Amanda lost the job as she was not legally allowed to drive and has not been able to find alternative employment.

She said: “I haven’t been able to get another job. I can’t get out for an interview. We have a bus service here but I think they are once every hour.”

She is now facing financial problems due to being out of work and says she and her partner will need to start getting help from a food bank and fears her phone will be disconnected as she cannot pay the bill.

Amanda, who has previously worked as a bus driver and in administration, said: “I have got rent arrears, I’m stressed out.”

Amanda is urging the DVLA to return her driving licence as soon as possible.

However, while declining to speak on individual cases, a spokesperson for the DVLA said the agency had done nothing wrong.

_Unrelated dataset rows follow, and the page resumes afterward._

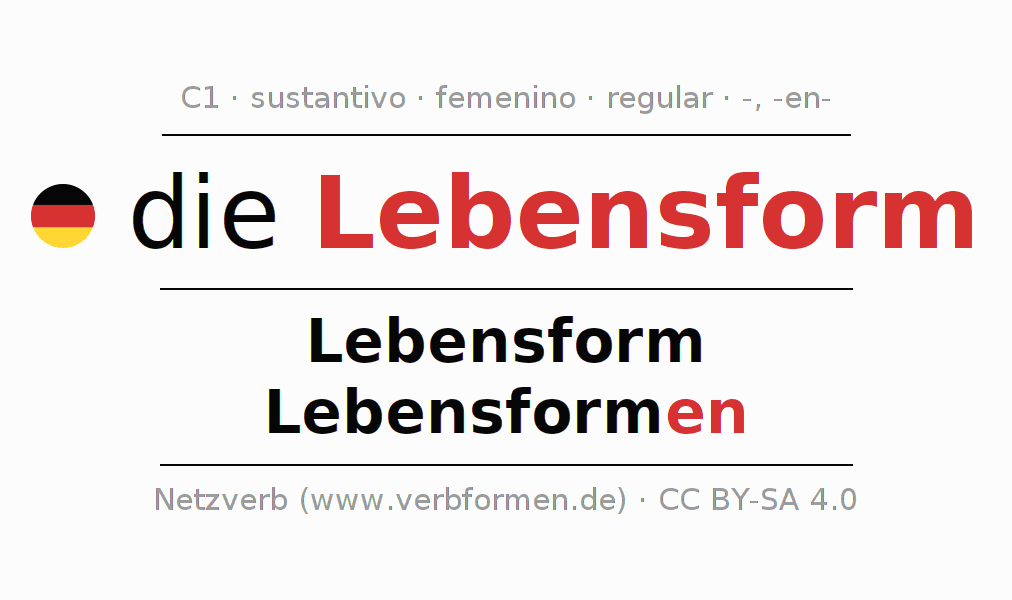 La declinación del sustantivo en forma de tabla con todas su formas: singular, plural y en los cuatro casos: nominativo (primer caso), genitivo (segundo caso), dativo (tercer caso) y acusativo (cuarto caso). Las construcciones gramaticales están representadas de forma clara en una tabla sinópica. La inflexión de los sustantivos es una ayuda durante tareas, exámenes, para cursos de alemán, la universidad, el estudio del alemán como lengua extranjera o como segundo idioma y para estudiantes adultos. La declinación correcta de las palabras es especialmente importante para los que aprenden el idioma alemán. Aquí encontraras más información acerca del tema Wiktionary Lebensform y aquí también a través del Duden Lebensform.
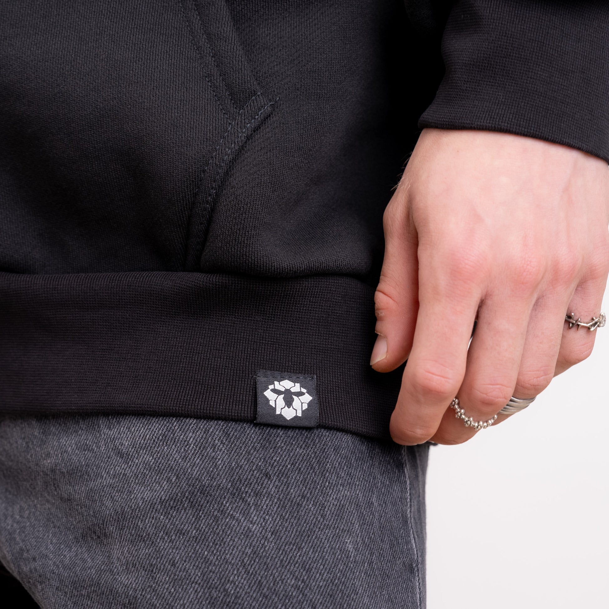 Your everyday layer for rave season. Our high-quality hoodie in black keeps you warm between the club, the afters, and the ride home. Finished with a precise HIVE tribal touch.
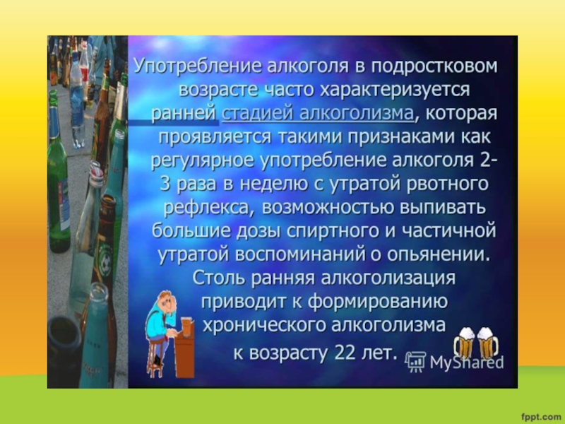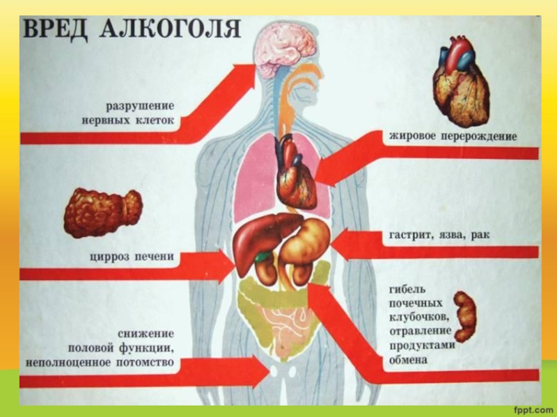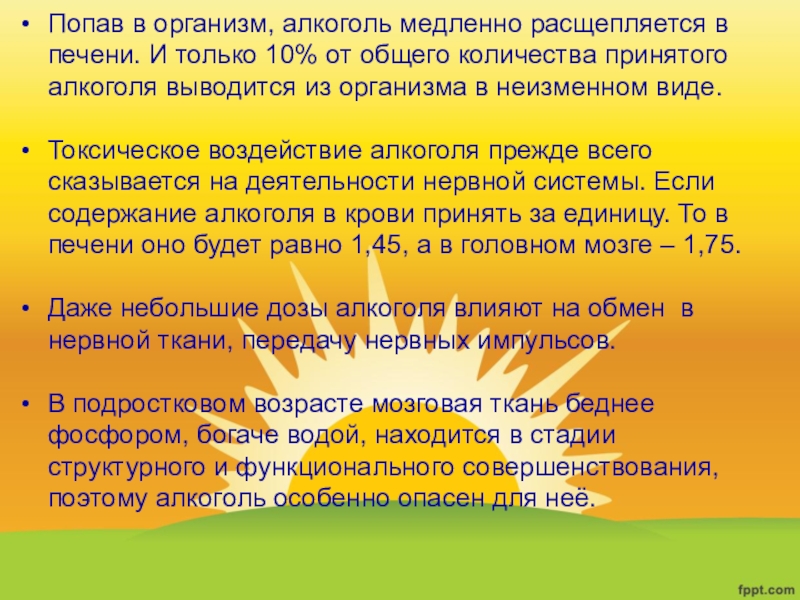 Слайд 28Попав в организм, алкоголь медленно расщепляется в печени. И только 10%

He said: “All drivers must ensure that they are medically fit to drive and notify DVLA of the onset or worsening of a medical condition affecting this.

“Where we are notified of a medical condition that may affect driving, we will investigate and take the necessary action.

“This includes writing to the driver, which is why it is so important that drivers let us know when they change address.

“As part of our investigation we may require further information from the medical professionals involved in the care and treatment of the condition and are often wholly reliant on receiving this information before a licensing decision can be made.

“We may also need to refer the driver for further medical assessment.

“We then make an evidence-based decision on whether the driver meets the medical standards for fitness to drive, before a licensing decision is made.”